25. Tag des Jahres ZwanzigZehn

Mich läst ein Bild, eine Vorstellung nicht los. Es ist ein Mann. Dieser Mann kennt mich besser als ich mich selbst, das ist nicht ganz richtig, denn er kenn nicht mich besser, er kennt das Leben besser, er ist doppelt so alt wie ich.
Dieser Mann hat viel Zeit und eine Couch. Wann immer ich Zeit habe gehe ich zu ihm, wir sprechen über das was wir gerade lesen, erlebte Zeit, manchmal schweigen wir auch nur, manchmal lege ich mich zum schlafen nieder, erzähle von meinen Träumen.
Diesen Mann vermisse ich so schmerzlich, obwohl ich ihn nie getroffen habe, dass es dafür nur eine einzige Erklärung gibt. Dieser Mann ist mein Großvater. Ich ertappe mich dabei wie ich ihn suche, in dem was ich lese, wenn ich die Bäume anschaue und benenne, wenn die Falken über den Dächern kreisen, die Stare watschelnd über das Gras laufen. Die Ricke, das Blau. Ich suche das Blau, es ist nicht nur über die Farbe zu finden, es ist ebenso der Glanz der mit den Sekunden an der Luft vergeht.
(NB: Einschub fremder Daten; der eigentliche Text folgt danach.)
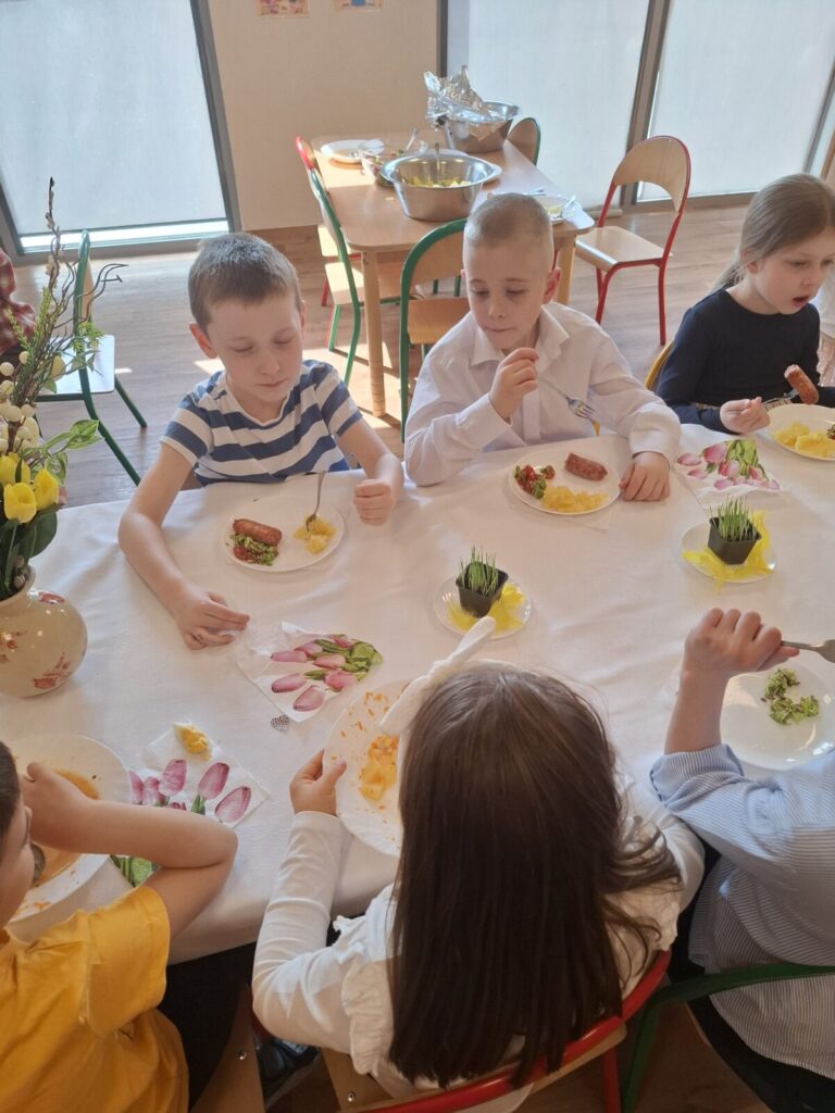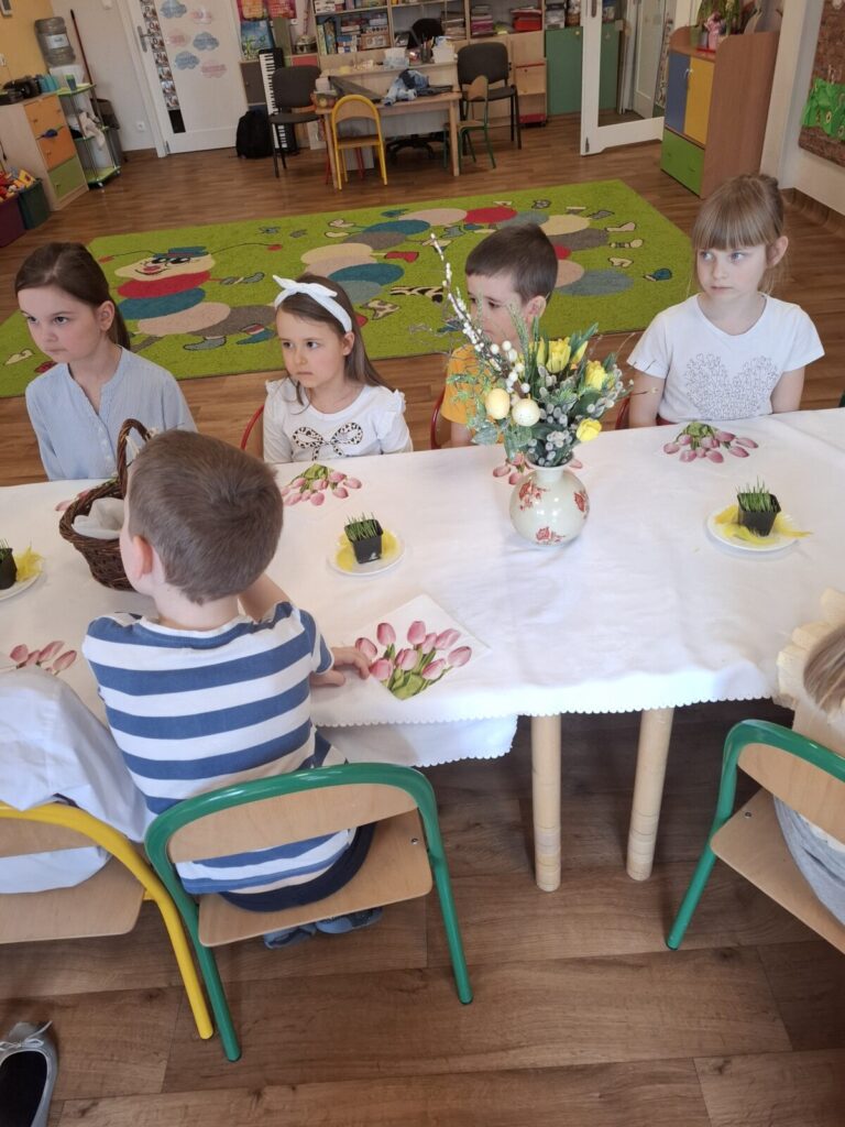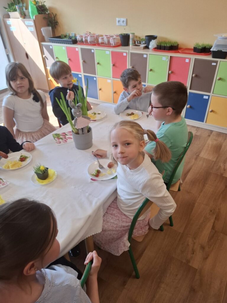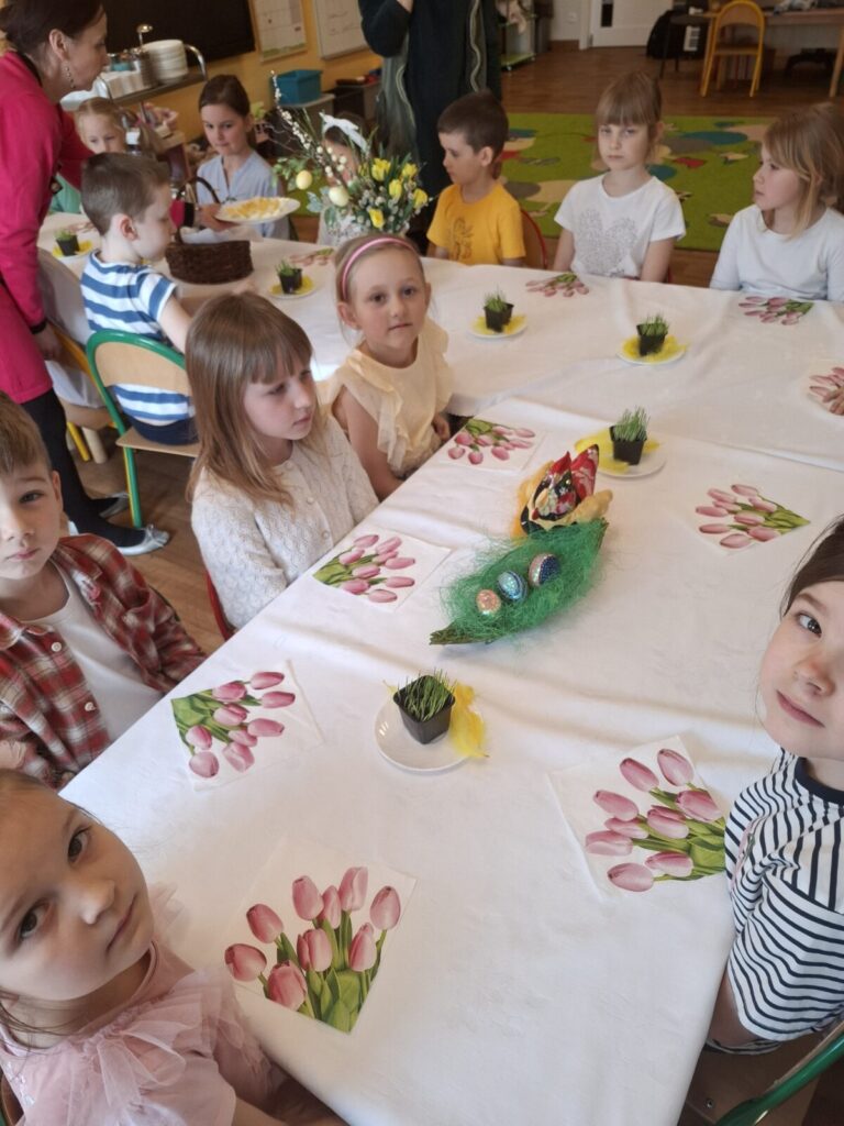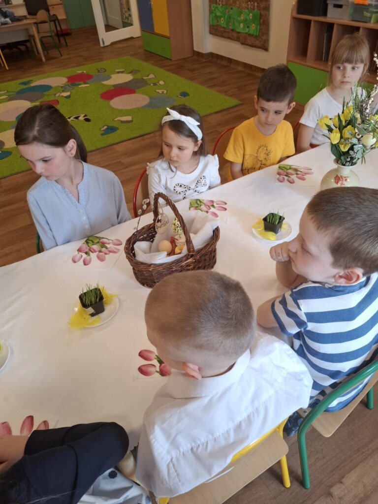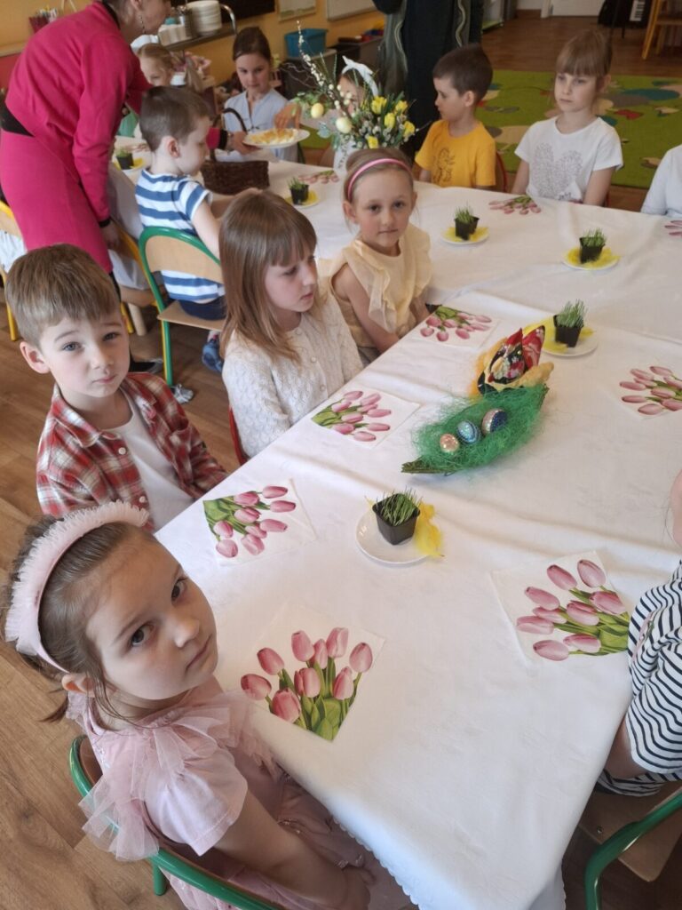 Uroczysty obiad wielkanocny 27 kwietnia 2026 przez przedszkole Galeria zdjęć przedstawia dzieci podczas obiadu wielkanocnego.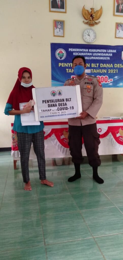 Bhabinkamtibmas, Brigadir Kasnadi, melaksanakan pendampingan penyaluran Bantuan Langsung Tunai (BLT) tahap 10 dan 11 dari Dana Desa Tahun 2021 di Balai Desa Jalupangmulya, Kecamatan Leuwidamar, Kabupaten Lebak, pada Senin (22/11/2021).

Es ist kippelig und ich habe keinen Ratgeber. Soll ich suchen oder vergessen, kann ich das Blau ignorieren?

Eingerollt unter der Decke versteckt harre ich aus. D. wird mich diese Woche nicht sehen und O. nicht und niemand anders auch nicht. Ich habe keine Valenzen für Spielchen. Ich brauche eine liebende Hand, die meinen Rücken streichelt, die über meine Seele pustet, es gäbe Seile, aber die sind im Moment zu weit weg um mich zu erden.